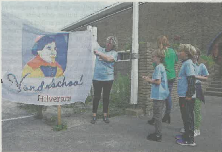
De vlag met de nieuwe naam Vondelschool gaat in top.

Met knallende confetti kanonnen en minicupcakes vieren de tweehonderd leerlingen van de basisschool maandagmiddag met hun leerkrachten en ouders de naamsverandering. De Elcerlyc locatie Schuttersweg gaat vanaf nu weer door het leven als de Vondelschool, vernoemd naar dichter Joost van den Vondel (1587-1679). En dat is de naam die de school in het monumentale pand van Dudok in de vorige eeuw decennialang droeg. De school ging in 1929 open. Veel oudere Hilversummers hebben leren lezen en schrijven op de Vondelschool.
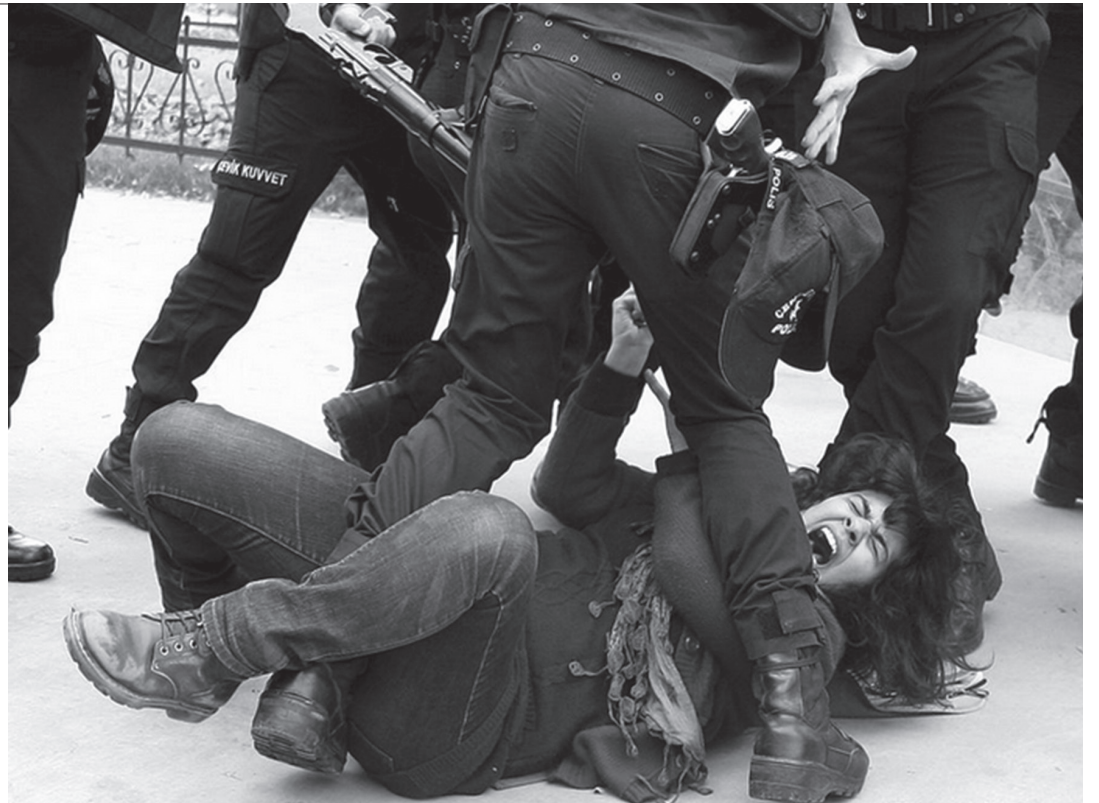
İstanbul Dolmabahçe'deki öğrenci eyleminde polis vahşeti...

Annenin suçu büyüktü. Hem evlenmeden hamile kalmış hem de eyleme katılmıştı. Genç anne ise bu suçlarından haberdar değildi. Sevdiğiyle bebeklerini dünyaya
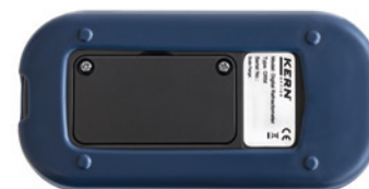
Rückansicht, verschraubter Batteriefachdeckel
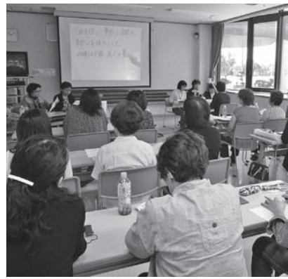
聞こえの不自由な人を文字でサポート

の人は実費負担あり。 日 5月7日～7月30日の火曜日、全13回、10時～15時 場 グリーンプラザ(公園東町3) 定 抽選20人 申 申込期間 4月25日(木)
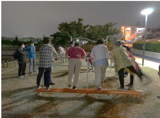
10/7公園器具で健康づくり講座
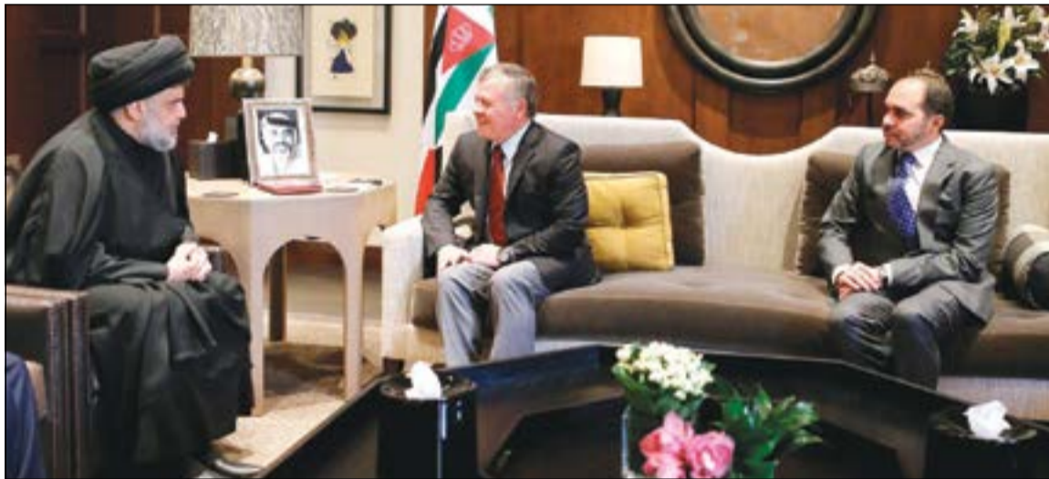
صورة نشرها القصر الملكي الأردني لاستقبال الملك عبدالله الثاني لرئيس التيار الصدري العراقي مقتدى الصدر في عمان امس

عواصم - وكالات: مازال التوتر الحاد قائما بين بغداد وأربيل على خلفية استفتاء الانفصال الذي أجرته كردستان وترفضه بغداد، حيث أصدرت حكومة إقليم مذكرة اعتقال بحق 11 مسؤولا عراقيا بينهم برلمانيون وقادة في فصائل الحشد الشعبي، ردا على مذكرات مماثلة من جهات قضائية في بغداد بحق مسؤولين أكراد.
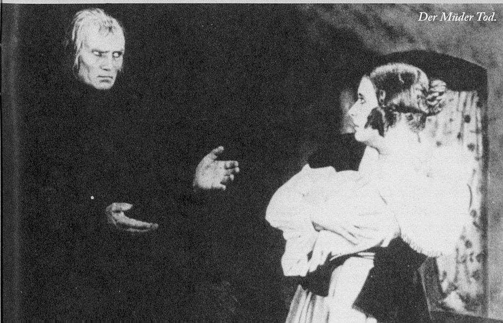
Der Müde Tod.
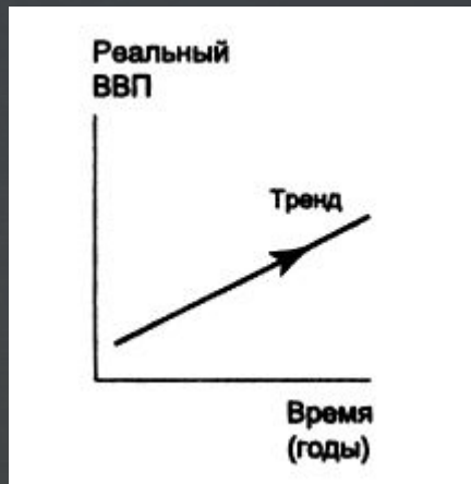
ч/з кривую реального ВВП
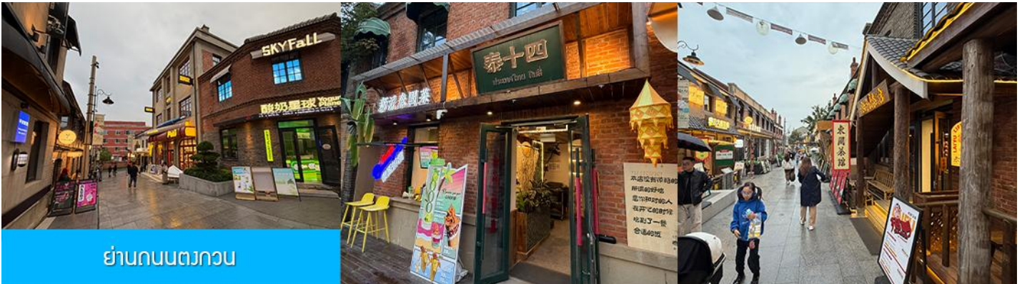
ย่านถนนตวงกวน

หลังอาหารนำท่านเที่ยวชม จัตุรัสชิงไห่ 星海广场 เป็นจัตุรัสขนาดใหญ่เป็นแลนด์มาร์คสำคัญของเมืองต้าเหลียน สร้างขึ้นเพื่อเฉลิมฉลองในโอกาสที่รัฐบาลอังกฤษคืนเกาะฮ่องกงให้จีนในปี ค.ศ. 1997 ตั้งอยู่ชายฝั่งทะเลในเมืองต้าเหลียน เป็นจัตุรัสใจกลางเมืองที่ใหญ่ที่สุดในโลกและ เป็นแลนด์มาร์คของเมืองต้าเหลียน รายล้อมด้วยตึกระฟ้าที่ทันสมัย ภายในมีบ่อน้ำพุดนตรี ลานหญ้าขนาดใหญ่ และลานกว้างสำหรับจัดกิจกรรมกลางแจ้ง อาทิ เทศกาลเบียร์นานาชาติ การแข่งขันวิ่งมาราธอน งานแฟชั่นนานาชาติเมืองต้าเหลียน ฯลฯ
****************************************
INSTRUCTIONS TO FOLLOW:
Apart from the pictures, every line of the data above should be given again exactly.

ANSWER SECTION:
De vlag met de nieuwe naam Vondelschool gaat in top.

Met knallende confetti kanonnen en minicupcakes vieren de tweehonderd leerlingen van de basisschool maandagmiddag met hun leerkrachten en ouders de naamsverandering. De Elcerlyc locatie Schuttersweg gaat vanaf nu weer door het leven als de Vondelschool, vernoemd naar dichter Joost van den Vondel (1587-1679). En dat is de naam die de school in het monumentale pand van Dudok in de vorige eeuw decennialang droeg. De school ging in 1929 open. Veel oudere Hilversummers hebben leren lezen en schrijven op de Vondelschool.
İstanbul Dolmabahçe'deki öğrenci eyleminde polis vahşeti...

Annenin suçu büyüktü. Hem evlenmeden hamile kalmış hem de eyleme katılmıştı. Genç anne ise bu suçlarından haberdar değildi. Sevdiğiyle bebeklerini dünyaya
Rückansicht, verschraubter Batteriefachdeckel
聞こえの不自由な人を文字でサポート

の人は実費負担あり。 日 5月7日～7月30日の火曜日、全13回、10時～15時 場 グリーンプラザ(公園東町3) 定 抽選20人 申 申込期間 4月25日(木)
10/7公園器具で健康づくり講座
صورة نشرها القصر الملكي الأردني لاستقبال الملك عبدالله الثاني لرئيس التيار الصدري العراقي مقتدى الصدر في عمان امس

عواصم - وكالات: مازال التوتر الحاد قائما بين بغداد وأربيل على خلفية استفتاء الانفصال الذي أجرته كردستان وترفضه بغداد، حيث أصدرت حكومة إقليم مذكرة اعتقال بحق 11 مسؤولا عراقيا بينهم برلمانيون وقادة في فصائل الحشد الشعبي، ردا على مذكرات مماثلة من جهات قضائية في بغداد بحق مسؤولين أكراد.
Der Müde Tod.
ч/з кривую реального ВВП
ย่านถนนตวงกวน

หลังอาหารนำท่านเที่ยวชม จัตุรัสชิงไห่ 星海广场 เป็นจัตุรัสขนาดใหญ่เป็นแลนด์มาร์คสำคัญของเมืองต้าเหลียน สร้างขึ้นเพื่อเฉลิมฉลองในโอกาสที่รัฐบาลอังกฤษคืนเกาะฮ่องกงให้จีนในปี ค.ศ. 1997 ตั้งอยู่ชายฝั่งทะเลในเมืองต้าเหลียน เป็นจัตุรัสใจกลางเมืองที่ใหญ่ที่สุดในโลกและ เป็นแลนด์มาร์คของเมืองต้าเหลียน รายล้อมด้วยตึกระฟ้าที่ทันสมัย ภายในมีบ่อน้ำพุดนตรี ลานหญ้าขนาดใหญ่ และลานกว้างสำหรับจัดกิจกรรมกลางแจ้ง อาทิ เทศกาลเบียร์นานาชาติ การแข่งขันวิ่งมาราธอน งานแฟชั่นนานาชาติเมืองต้าเหลียน ฯลฯ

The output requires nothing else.